# [TASK GOAL]
Make an exact copy, from the records below, of the lines from the line containing "Merry Flocking Christmas" to the line containing "Также, взглянем на", both lines included, excluding pictures.

# [DATASET EXTRACT]
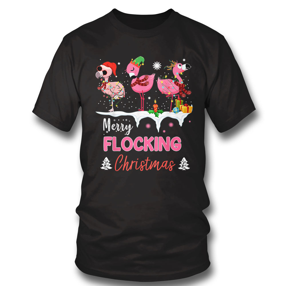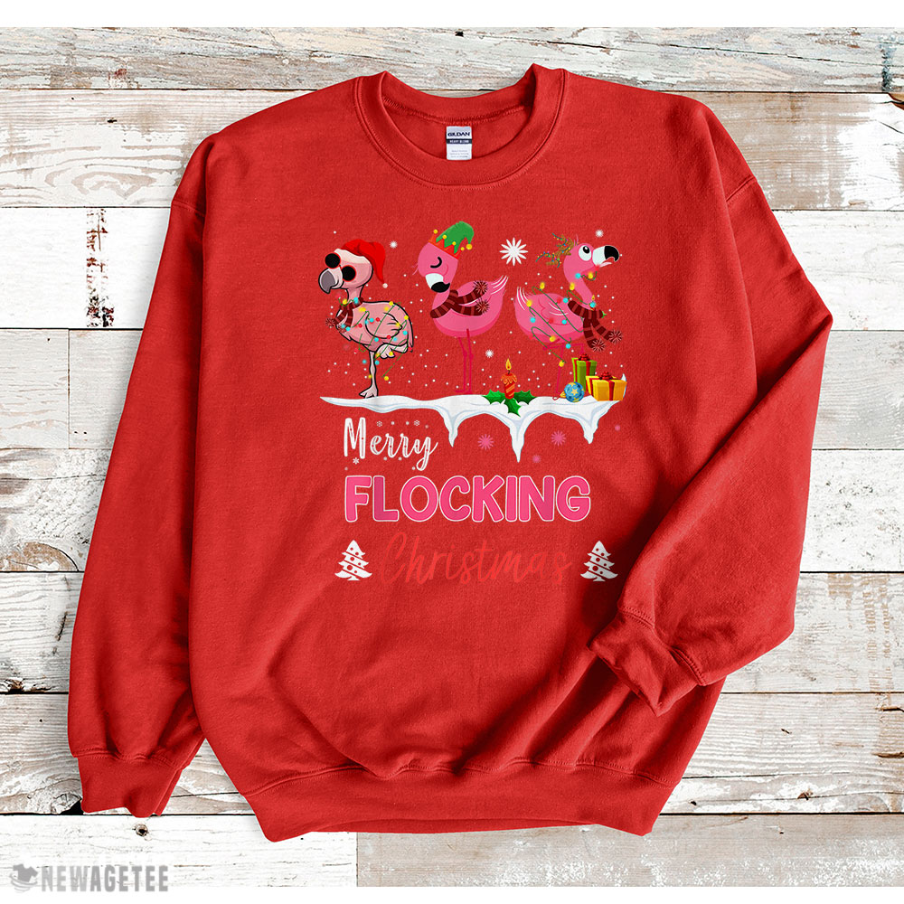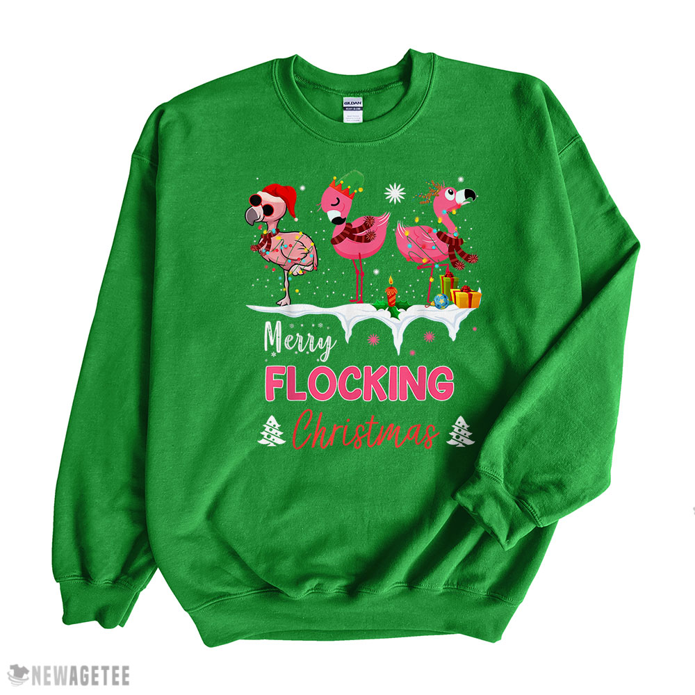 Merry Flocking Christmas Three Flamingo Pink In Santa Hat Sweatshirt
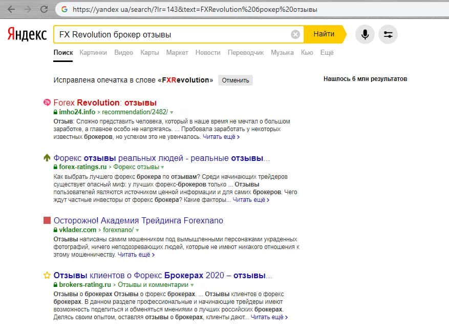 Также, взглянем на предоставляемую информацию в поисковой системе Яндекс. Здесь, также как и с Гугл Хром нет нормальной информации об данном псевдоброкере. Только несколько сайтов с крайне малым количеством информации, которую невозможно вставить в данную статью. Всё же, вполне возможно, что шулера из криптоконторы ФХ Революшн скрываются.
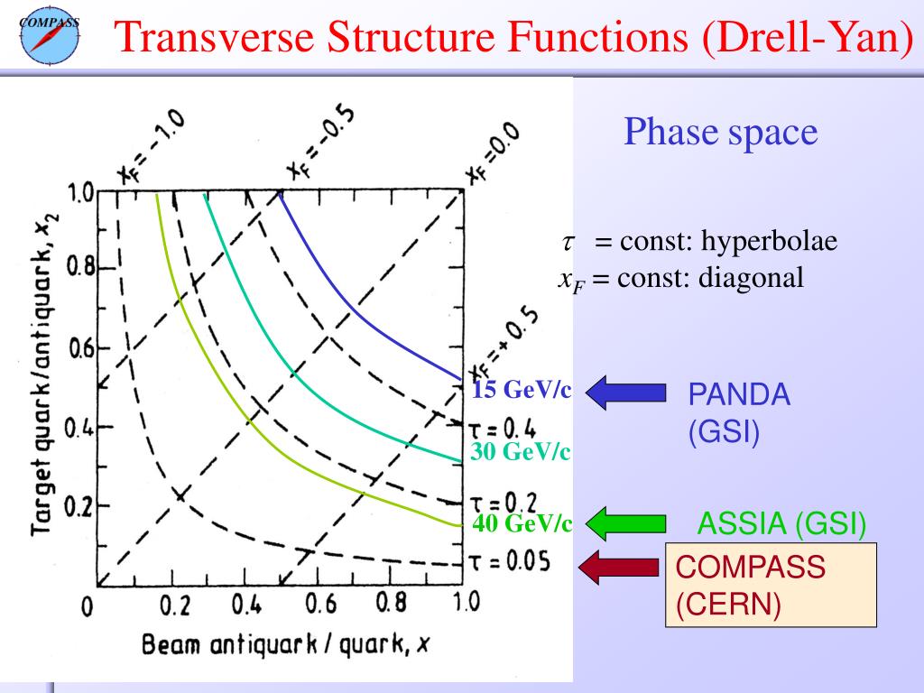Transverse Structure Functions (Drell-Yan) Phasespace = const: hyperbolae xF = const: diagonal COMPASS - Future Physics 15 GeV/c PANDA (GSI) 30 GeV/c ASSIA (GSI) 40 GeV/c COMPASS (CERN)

* * *

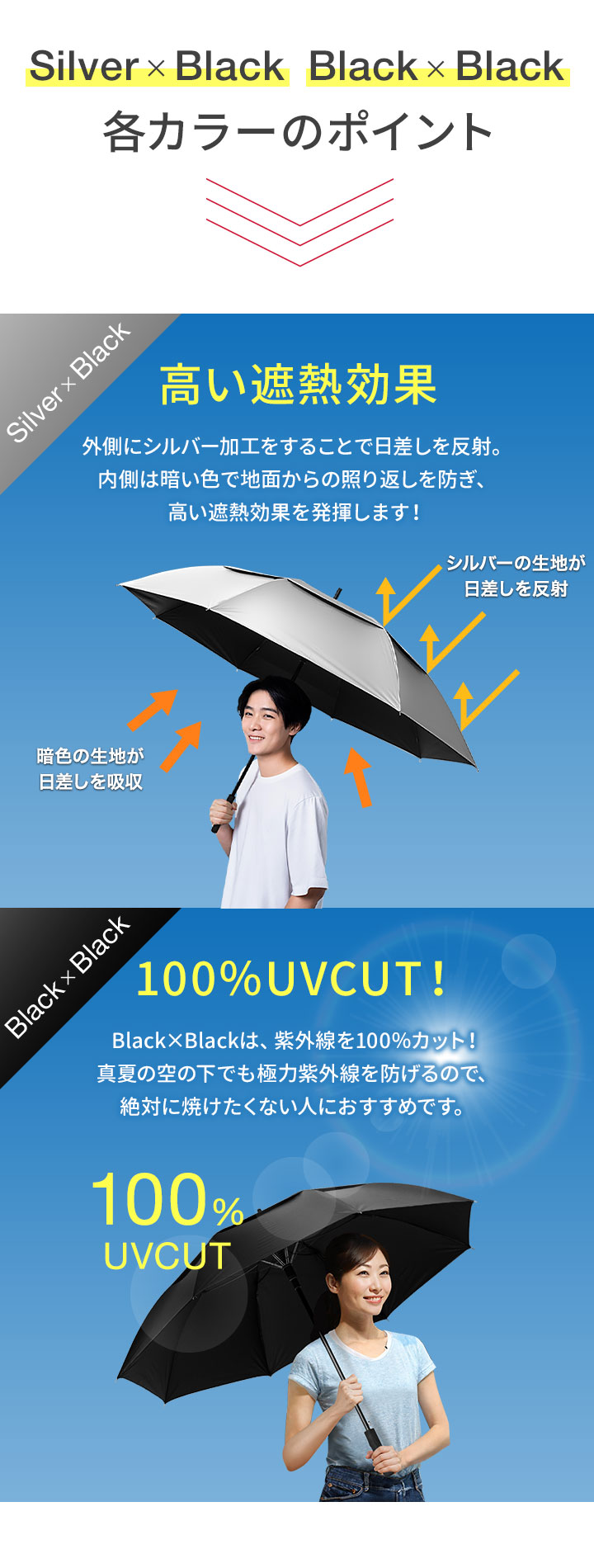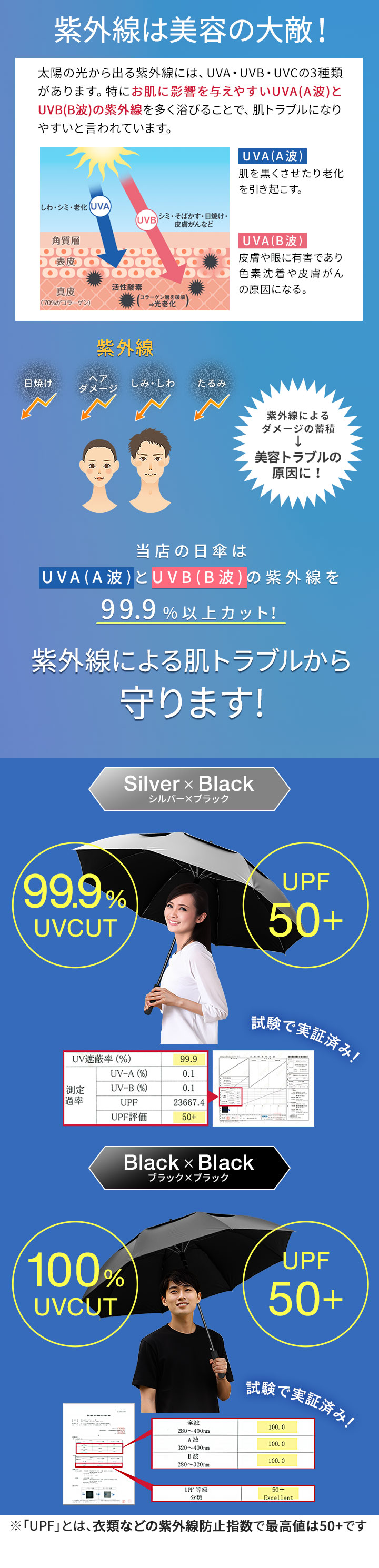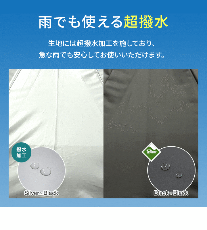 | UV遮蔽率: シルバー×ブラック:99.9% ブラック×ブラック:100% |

# [TASK ANSWER]
 Merry Flocking Christmas Three Flamingo Pink In Santa Hat Sweatshirt
 Также, взглянем на предоставляемую информацию в поисковой системе Яндекс. Здесь, также как и с Гугл Хром нет нормальной информации об данном псевдоброкере. Только несколько сайтов с крайне малым количеством информации, которую невозможно вставить в данную статью. Всё же, вполне возможно, что шулера из криптоконторы ФХ Революшн скрываются.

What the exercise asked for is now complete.